However, purified though they are, indices and indicia never forget or preclude their technical origin. Lat. indicia always end up referring to perceptions, whereas lat indices (pointers) can only thematize extension, duration, angles, texture, density, evanescence, phasing, attraction, repulsion etc. Thus all our semiotical "representations" reduplicate our technical representations, which in turn are neuronal representations "which at every relay, afferent or efferent, represent in another way an outside input in order to prepare more appropriate motor reactions". (J.Z. Young, A Model of the Brain, 1964).

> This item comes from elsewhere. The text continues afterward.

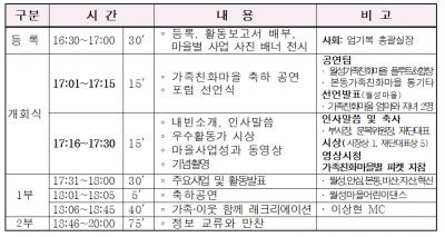 가족친화마을 주민과 관련 단체 및 기관에서 120명 정도가 모여 1년간의 필수공동프로그램 등 운영에 관한 나눔행사를 가진다.
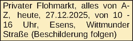 Privater Flohmarkt, alles von AZ, heute, 27.12.2025, von 10 16 Uhr, Esens, Wittmunder Straße (Beschilderung folgen)Kontakt

Do the signs, which give Homo such great advantages for his physical questioning, make his metaphycical questioning more pertinent and powerful? Or rather show they us that the most vertiginous semiotics does not make a break with the physical order but simply redistribute the latter for acting more efficiently. We will check out some eloquent cases of those reallocations.

B. The metaphysical limits of language

Among the signs enabling metaphysical openings, one thinks initially of language. A speaker is able to talk about anything, himself included and maybe even the beyond and the behind (Augustine). We should take a look at the years 1900-1930 ; the moment that neo-positivism and the ‘crisis of fundamentals' occurred in science ; a moment when Homo thoroughly explored his linguistic capacities and limits.

In 1921, Wittgenstein's Tractatus Logico-Philosophicus showed that all mathematical use of language was tautological. Also that all current language trying to go beyond or behind experience and physical experiment became swiftly "petitio principii" (begging the question). He concludes his analyses with his well-known maxim, understood as sceptical or mystical according to the impact attributed to silence: "That which cannot be spoken of must remain silent''. However Wittgenstein only remained silent for a few years, giving him time to build a house for his sister. From 1930 on he started to explore the inexhaustible virtuality of language-games, in his Philosophical Investigations, carrying it on until his death in 1951. Afeter Austin, this work was eminently continued in Searle's Speech acts (1969), leading to referential, phatic, expressive, poetic, conative and metalinguistic functions of language ; a field indicated but not explored by Jacobson.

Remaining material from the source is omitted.